Continued M&A activity will lead to further downsizing/talent shifts, and significant bankruptcies will continue.
Employee productivity must increase. Talent shortages, earnings demands, heavy M&A activity… add to that a growing need for a positive link between pay and performance, a demand for flextime, and idiotic CA laws that potentially mandate additional time off. All point to the need for increasing indiviual employee productivity.
Ethics and social responsibility are replacing “cutthroat” as the official corporate badge of honor. Transparency in dealings, pressure on corporate socialism and philanthropy… ethics are no longer “soft” skills relegated to those who can afford them. They now include CEOs, sales people, and others previously exempt. The world is watching…

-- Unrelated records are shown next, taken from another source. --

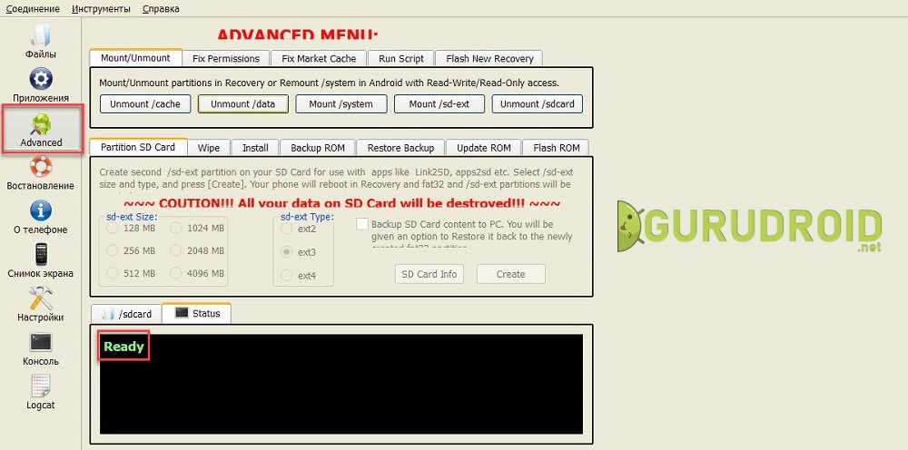 В приложении нажимаем по вкладке «Advanced» и убеждаемся в том, что монтирование раздела /data завершено успешно.
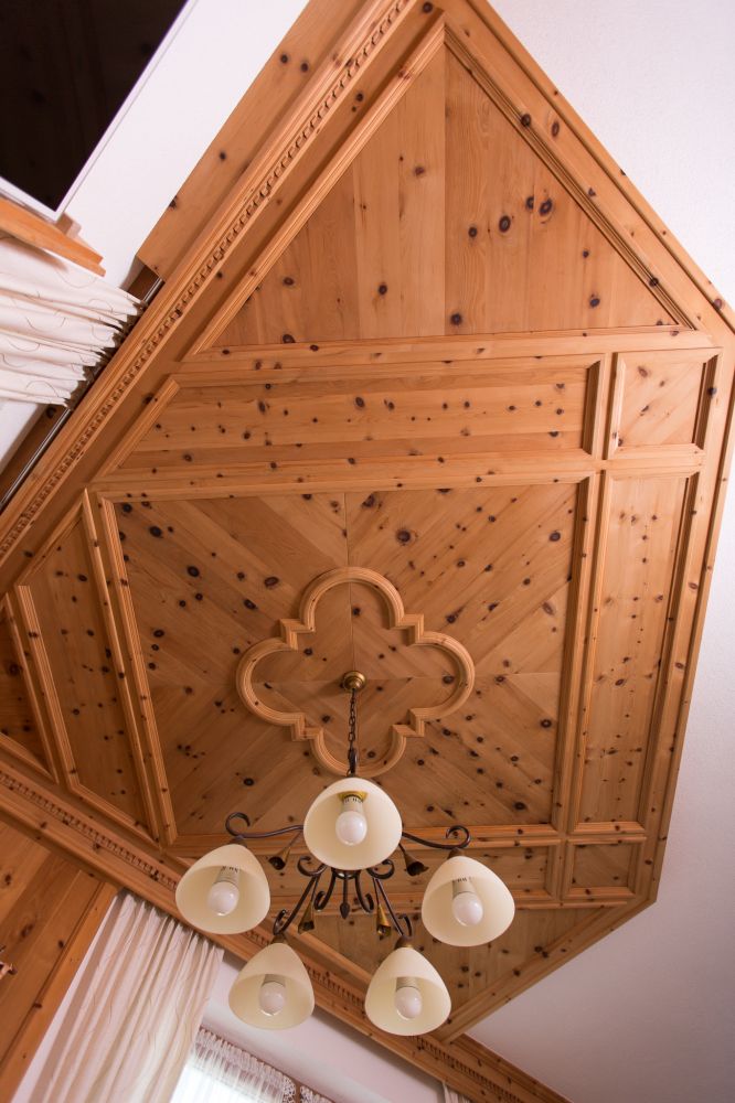 Liebevoll dekorierte Stube in Zirbe massiv mit Kassettendecke über dem Sitzbereich
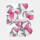 Esta divertida manta de pulpa con temática de baloncesto para su habitación con temática de baloncesto puede ser personalizada con el nombre de la atleta encima de la imagen de un grupo de baloncesto de tamaño variado que tienen paneles alternados rosa, blanco y gris - de katz_d_zynes
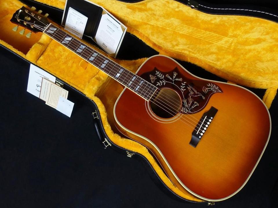 トム・マーフィーとギブソンによる長年の研究と経験、深い知識に裏打ちされた技術によって、 ギブソン・モンタナ工場内に新たに設けられたマーフィー・ラボ・アコースティックによる"Gibson Murphy Lab 1960 Hummingbird Heritage Cherry Sunburst Light Aged"です。
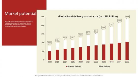 This slide represents esteemed market potential which assists investors to gain idea of growth opportunities of company in global market and make strategic investment decisions. Coming up with a presentation necessitates that the majority of the effort goes into the content and the message you intend to convey. The visuals of a PowerPoint presentation can only be effective if it supplements and supports the story that is being told. Keeping this in mind our experts created Market Potential Online Delivery Investment Funding Elevator Pitch Deck Summary Pdf to reduce the time that goes into designing the presentation. This way, you can concentrate on the message while our designers take care of providing you with the right template for the situation. This slide represents esteemed market potential which assists investors to gain idea of growth opportunities of company in global market and make strategic investment decisions.

HR strategy will become a business unit objective. HR has become too important to be the sole purview of human resources. Strategic-focused HR initiatives — staffing, development, succession, and performance — will become part of general managers’ lexicon. Corporate HR staffs could shrink accordingly, caught between increased strategy ownership in the GM’s office and outsourcing at the transactional levels.
Measurement of all things — including people-focused initiatives — will become a necessity, not simply a differentiator. Someones’ got to explain why we should do this over that, and when I can expect to see a return on my investment of limited capital. Measure or die.
EXCLUSIVE PREVIEW
I interviewed several hundred senior executives — all C-levels, and over 20% were CEOs. In order of significance, their top-5 short-term priorities came in as:
1. Talent management & acquisition.
2. Revenue & earnings enhancement.
3. Performance management, employee productivity.
4. Management/leadership development, performance and motivation.
5. Market pricing, share, and new product/service development.
I don’t offer these things as private or special knowledge of mine; undoubtedly, many of you have arrived at some of these same thinkings. I wanted to put this in writing since that helps me, and maybe offer as help to you as well.
Pay attention to what’s happening around you, your company, the country. It’s not important whether you agree or disagree with my predictions; just arrive at your own thinking by using something other than simple “hope.” As the author said, that’s a lousy business strategy.
Stay alert, focused, and continue to add value.
Happy New Year…!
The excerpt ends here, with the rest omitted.